Em que pese a equivocada atribuição de benefícios fiscais com base na faixa de cilindrada ter motivado essa estratégia no Brasil de uma forma relativamente imediatista, e um motor de 1.2L e 4 cilindros foi o menor oferecido na Europa até a chegada do 1.0 de 3 cilindros por lá em '97, é inevitável especular até que ponto um motor ainda mais rústico e "à prova de burro" poderia ter favorecido a GM na tomada de um mercado mais expressivo mundo afora, num contraste aparentemente improvável à hegemonia que os japoneses conquistavam. A bem da verdade, lembrando como o motor Chevrolet com 6 cilindros em linha da 3ª geração e alguns derivados com 4 cilindros foram especialmente relevantes fora dos Estados Unidos até princípios da década de '90, favorecidos por uma simplicidade técnica e a relativa facilidade para adaptar a modelos de outras divisões da GM eventualmente reposicionados como Chevrolet devido a condições de cada região, chega a ser até certo ponto surpreendente que se tenha deixado de lado uma oportunidade para desenvolver versões de 2 cilindros, partindo do mesmo princípio que uma redução de 6 para 4 cilindros já tinha sido efetuada com poucas alterações no ferramental de fábricas de motores do grupo. Vale lembrar que o Corsa chegou a ser exportado do Brasil para a África do Sul em regime CKD para a montagem local, onde era vendido como Opel, incluindo o motor tendo em vista que a fábrica de motores sul-africana da GM havia sido encerrada em '82, e por questões de economia de escala dedicou maiores esforços à produção do motor de 6 cilindros e diversas variações do 153 com 4 cilindros, que a bem da verdade poderiam ter sido complementadas por ao menos uma configuração de 2 cilindros mais adequada a versões austeras do Corsa.

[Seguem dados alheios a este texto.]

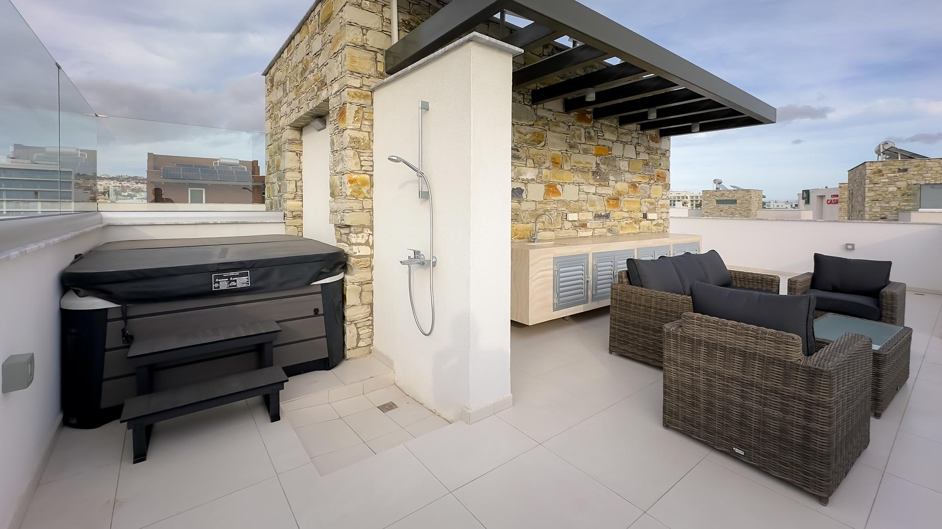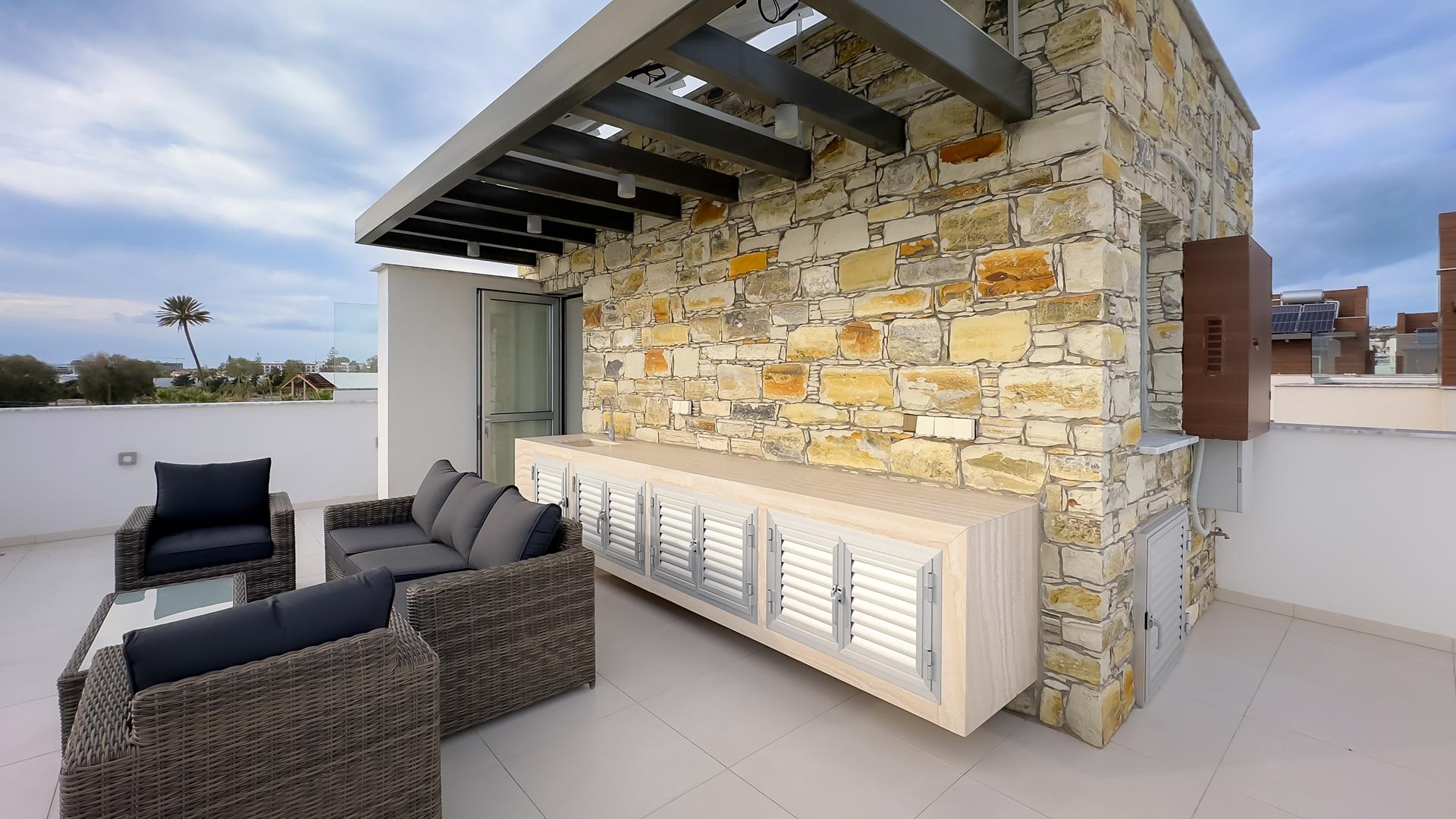 Продается четырёхспальная вилла площадью 186 м2 на участке 436 м2 в районе Agia Napa, Famagusta. Вилла включает 4 спальни, 6 ванных комнат, кухню, просторную гостиную, балконы, крытую веранду 31м² и дополнительные помещения на нижнем уровне, а также участок площадью 400 м² и открытую площадь 51 м². Резиденция полностью меблирована и оборудована бытовой техникой и системами, включая кондиционеры, посудомоечную машину, встроенные шкафы с soft-close механизмом, систему сигнализации, двойное остекление, джакузи. Объект расположен в центре Ayia Napa, в закрытом комплексе из 8 вилл, в нескольких минутах ходьбы от монастырской площади и рядом с морем и песчаными Blue Flag пляжами, а также всей необходимой инфраструктурой и развлекательными заведениями. Недвижимость выполнена с использованием высококачественных материалов, предлагает современный архитектурный дизайн, частный бассейн, ухоженный сад, зону BBQ и просторный roof garden для отдыха на открытом воздухе.

Quando se fala em motores "à prova de burro", uma das primeiras referências que vêm à mente de uma parte considerável do público tanto no Brasil e no México é o Volkswagen boxer com 4 cilindros que se notabilizou com o Fusca, graças à refrigeração a ar e outras características como a sincronização só por engrenagens para o comando de válvulas, embora o motor Opel Família 1 usado no Corsa tenha tomado esse lugar na atualidade. Por mais que a sincronização do comando de válvulas por correia dentada seja um ponto que acaba requerendo mais atenção, e a refrigeração líquida também requeira o uso de fluidos de boa qualidade ao invés de só ir completando com água da torneira, o Fusca só teve um concorrente à altura no México com a chegada do Corsa lá em '93 ainda importado da Espanha, o que poderia inibir o interesse por um aparente downgrade caso as versões de produção local tivessem recebido um motor de 2 cilindros que poderia aproveitar o ferramental de produção das versões estacionárias/industriais entre 2.8L e 3.0L do motor 153 que se mantinham em produção por lá ao invés de ter recebido motores feitos no Brasil. Naturalmente um modelo que tinha proposta relativamente austera poderia ter se beneficiado por um motor mais rústico em comparação ao usado na Europa, além do mais considerando que poderia ser mais fácil aproveitar ferramentais já instalados nas fábricas latino-americanas e africanas.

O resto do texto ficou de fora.